Wednesday, June 18, 2008

Groping Your Way in Faith

by Vincent Louis Carrella

How does a story form? Somehow, disparate words and images coalesce into something that resembles narrative thought. Stories are mysterious things. Stories that do not come directly from our actual lives are even more mysterious, they are mystical.

Often I am asked how I, a New Yorker, wrote a story about a spiritually gifted Appalachian boy. I do not know the answer. The story was given to me as a gift. When you take a writing class you are often told to write what you know. I did not know the world depicted in Serpent Box. I did not know the good people of the hills and hollows of Tennessee. I did not know a Holiness sign follower or a snake handler. But what I did know, and do know, is what it feels like to not know. I know what it is to question my faith. I vividly recall the helplessness of being a child. I have clear memories of what it means to be shunned, ostracized and beaten, simply for how you look. I have never let go of that feeling of ignorance that seems to permeate your very existence when you are a boy up against a very large and confusing world. I knew my focal character, Jacob Flint, perhaps better than I knew myself.

Writing a story is a quest. You search, often blindly, for answers and direction. You seek out the next word, the next sentence. You build paragraphs and pages out of images, at least I do. I see a thing, then I record the thing. When the writing is going well it is not so much thinking as it is seeing. I will often close my eyes and try to squeeze an image out of my subconscious if the words themselves cease to flow. It is amazing that this actually works. It is almost as if you can pry that tiny door between your conscious and unconscious mind open, for just a moment or two, to let the truth escape. It rarely stays open long. And then you are faced with the blankness that lies beyond your last completed sentence. That blankness, that null space, can feel as vast as the cosmos.

I wrote Serpent Box alone, having written nothing of significance before it, having not studied writing beyond a few night courses, having no background in English Literature or journalism. I had no idea what to do or how to do it. There were times I faltered and shut down. But I had angels watching over me, angels in human form, who gave me more than encouragement, they gave me keys and crutches.

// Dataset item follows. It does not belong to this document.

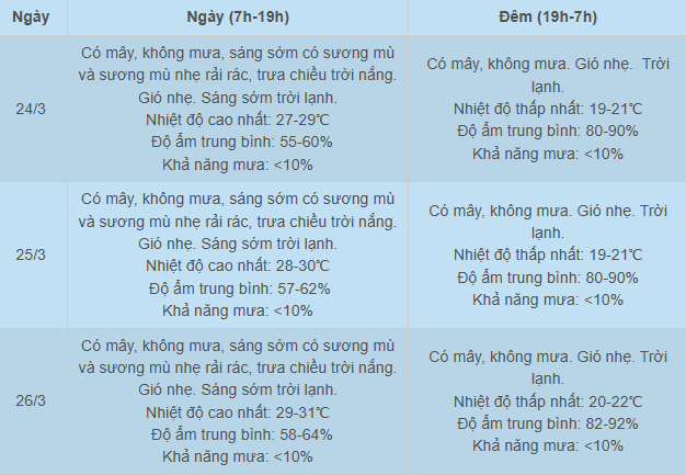 Do đó, từ 24-26/3, khu vực thủ đô Hà Nội có mây, không mưa, sáng sớm có sương mù và sương mù nhẹ rải rác, trưa chiều trời nắng.

My dear friend Andrew L. Wilson, who has written one of the best novels I have ever read (remarkably, as yet unpublished) would often give me the small bits of advice and love I needed to get through each day. He sent me this quote during a very dark time during the writing of Serpent Box when I was desperately searching for a path down which to send the story. You see, I made up Serpent Box in the moment. I had no plot, no vision, no clue as to what the story should be or where it might take me. I simply sat down each day and wrote intuitively, building on that which I had written the previous day. Often that would lead to dry spells and moments of blind panic. What would I do if the next piece of the story did not show itself? I learned the following lesson late in the game, but hold it now as one of the most important concepts I have ever learned about the art of writing:

"To ask for the whole thing cut and dried at once is a great error. There is no use sitting down waiting for clarity, believing that your work will reveal itself in a flash and show you the roads to it free of charge. You have to grope your way in good faith and be content with little. In that way you keep your strength and courage alive. One frequently meets a type of very talented artist or poet lacking the capability for such slow, sinewy search, unwilling to put his hand to his work until he has got it as a kind of gift, and in some mysterious manner - with all difficulties and doubts blown away. Meantime, however, the strength seeps out of him simply because of lack of exercise, just like a muscle languishing away when it lies unused, and people with much less talent but with more contentment [desire] surpass him easily. Whoever believes himself wise and "a genius" once and for all, has closed all windows and doors to the truth, but whoever is aware of his weaknesses has opened them and will be rewarded."

Vilhelm Ekelund (Swedish Poet)

Once I accepted this, and I did so instantly, I soon realized that the missing ingredient in my process was faith. The belief that the answers would come. The feeling, the knowing, that somehow a spark would reveal itself. a trust in the natural world and the random order of things, and that simply by living, observing, listening, moving through life and interacting with it, one would discover ways and means in which to push the story forward. Because I was pulling the story out of myself I needed faith in myself and, in that amazing serendipity that always seems to deliver what you need when you humbly and earnestly ask for it, when you seek it, when you grope your way in good faith.